*DATA:*
· · · · ·

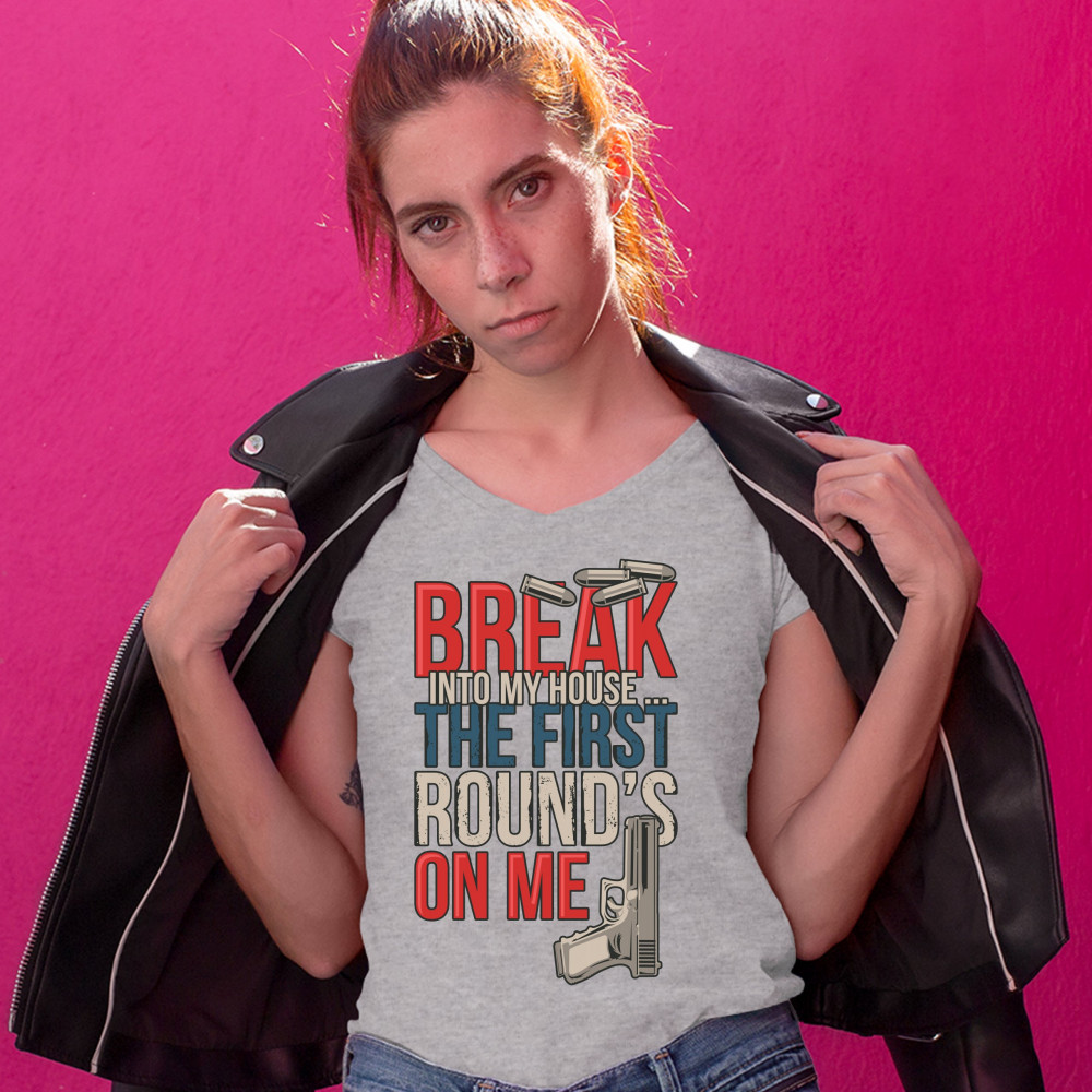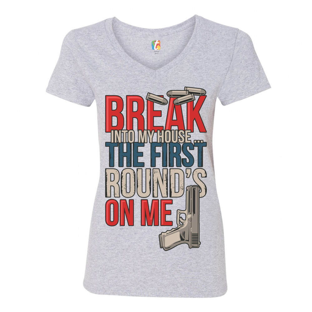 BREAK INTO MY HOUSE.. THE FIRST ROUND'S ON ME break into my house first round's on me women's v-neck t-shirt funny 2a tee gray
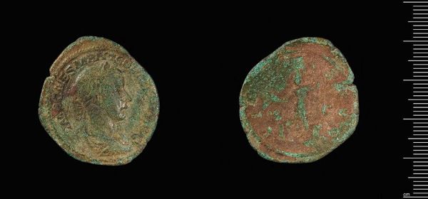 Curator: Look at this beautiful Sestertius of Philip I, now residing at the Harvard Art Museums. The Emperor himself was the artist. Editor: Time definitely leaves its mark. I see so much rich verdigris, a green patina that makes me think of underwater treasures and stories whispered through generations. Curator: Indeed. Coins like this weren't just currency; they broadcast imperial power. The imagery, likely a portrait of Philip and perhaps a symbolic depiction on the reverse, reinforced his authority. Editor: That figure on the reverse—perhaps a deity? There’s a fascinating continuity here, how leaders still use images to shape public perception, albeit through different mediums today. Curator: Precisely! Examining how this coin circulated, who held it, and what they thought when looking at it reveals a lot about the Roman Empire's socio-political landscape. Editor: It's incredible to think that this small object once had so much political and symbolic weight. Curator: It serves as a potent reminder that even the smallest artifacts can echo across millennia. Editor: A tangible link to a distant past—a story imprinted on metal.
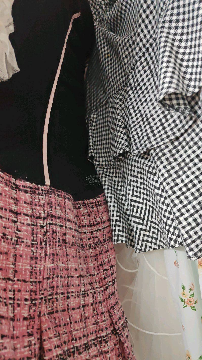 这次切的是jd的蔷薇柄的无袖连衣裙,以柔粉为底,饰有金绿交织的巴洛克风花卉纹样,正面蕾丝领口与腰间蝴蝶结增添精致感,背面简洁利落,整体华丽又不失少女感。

· · · · ·

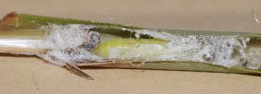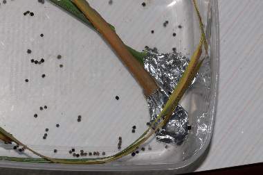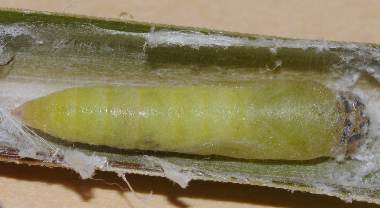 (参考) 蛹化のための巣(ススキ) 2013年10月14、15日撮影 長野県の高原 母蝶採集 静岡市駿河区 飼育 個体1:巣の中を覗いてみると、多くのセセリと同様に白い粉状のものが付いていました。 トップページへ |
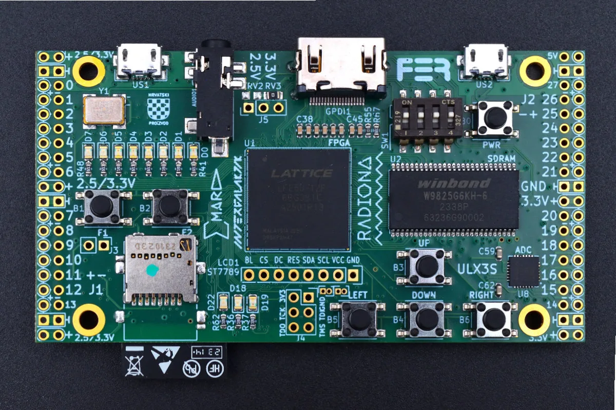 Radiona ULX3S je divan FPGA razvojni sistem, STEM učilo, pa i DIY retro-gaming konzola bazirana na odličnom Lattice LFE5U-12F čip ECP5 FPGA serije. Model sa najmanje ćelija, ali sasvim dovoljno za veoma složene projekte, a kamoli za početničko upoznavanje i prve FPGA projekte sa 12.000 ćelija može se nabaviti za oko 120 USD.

· · · · ·

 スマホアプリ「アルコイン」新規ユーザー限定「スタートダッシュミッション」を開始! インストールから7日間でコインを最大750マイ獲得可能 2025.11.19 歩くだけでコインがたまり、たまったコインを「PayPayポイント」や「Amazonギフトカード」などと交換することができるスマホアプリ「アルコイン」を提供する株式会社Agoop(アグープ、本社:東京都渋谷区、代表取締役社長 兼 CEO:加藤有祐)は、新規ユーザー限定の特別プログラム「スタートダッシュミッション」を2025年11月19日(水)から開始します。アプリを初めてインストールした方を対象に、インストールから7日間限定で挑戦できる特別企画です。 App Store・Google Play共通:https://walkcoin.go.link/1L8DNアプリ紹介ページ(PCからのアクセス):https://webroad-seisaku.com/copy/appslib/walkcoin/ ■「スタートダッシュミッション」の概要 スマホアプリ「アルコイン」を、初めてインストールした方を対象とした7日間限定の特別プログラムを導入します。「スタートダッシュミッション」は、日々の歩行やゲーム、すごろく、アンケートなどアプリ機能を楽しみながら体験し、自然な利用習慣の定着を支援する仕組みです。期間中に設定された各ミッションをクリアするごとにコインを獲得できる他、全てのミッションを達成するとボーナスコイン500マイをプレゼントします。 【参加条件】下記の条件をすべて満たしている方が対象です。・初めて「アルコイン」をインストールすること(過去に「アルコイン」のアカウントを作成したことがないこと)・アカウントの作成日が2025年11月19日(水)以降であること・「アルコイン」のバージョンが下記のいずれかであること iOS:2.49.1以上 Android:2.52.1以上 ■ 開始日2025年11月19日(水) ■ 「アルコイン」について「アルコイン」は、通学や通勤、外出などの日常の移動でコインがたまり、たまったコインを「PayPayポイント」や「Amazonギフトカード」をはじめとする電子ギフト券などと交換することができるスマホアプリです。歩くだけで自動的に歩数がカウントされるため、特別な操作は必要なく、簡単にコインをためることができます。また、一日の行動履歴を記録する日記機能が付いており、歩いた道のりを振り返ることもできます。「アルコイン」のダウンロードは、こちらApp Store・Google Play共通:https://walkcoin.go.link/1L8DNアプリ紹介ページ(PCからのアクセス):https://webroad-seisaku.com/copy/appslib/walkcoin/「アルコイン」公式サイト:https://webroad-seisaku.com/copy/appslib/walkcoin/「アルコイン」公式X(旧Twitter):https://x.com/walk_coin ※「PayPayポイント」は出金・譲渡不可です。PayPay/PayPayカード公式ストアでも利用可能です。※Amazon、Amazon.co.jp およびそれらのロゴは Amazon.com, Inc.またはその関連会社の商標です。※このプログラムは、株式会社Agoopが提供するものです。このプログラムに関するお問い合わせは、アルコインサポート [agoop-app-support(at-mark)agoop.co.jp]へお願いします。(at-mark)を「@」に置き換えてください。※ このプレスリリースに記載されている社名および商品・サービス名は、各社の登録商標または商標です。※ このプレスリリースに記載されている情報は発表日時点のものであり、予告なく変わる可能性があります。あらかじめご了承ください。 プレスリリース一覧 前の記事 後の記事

· · · · ·

*THE PROBLEM:* Among the entries above, locate the line with "(参考) 蛹化のための巣(ススキ) 2013年10月14、15日撮影" and the line with "Radiona ULX3S je". Give those two lines and all lines between them again, exactly, leaving out the pictures.

*THE COMPLETED TASK:*
 (参考) 蛹化のための巣(ススキ) 2013年10月14、15日撮影 長野県の高原 母蝶採集 静岡市駿河区 飼育 個体1:巣の中を覗いてみると、多くのセセリと同様に白い粉状のものが付いていました。 トップページへ |
 Radiona ULX3S je divan FPGA razvojni sistem, STEM učilo, pa i DIY retro-gaming konzola bazirana na odličnom Lattice LFE5U-12F čip ECP5 FPGA serije. Model sa najmanje ćelija, ali sasvim dovoljno za veoma složene projekte, a kamoli za početničko upoznavanje i prve FPGA projekte sa 12.000 ćelija može se nabaviti za oko 120 USD.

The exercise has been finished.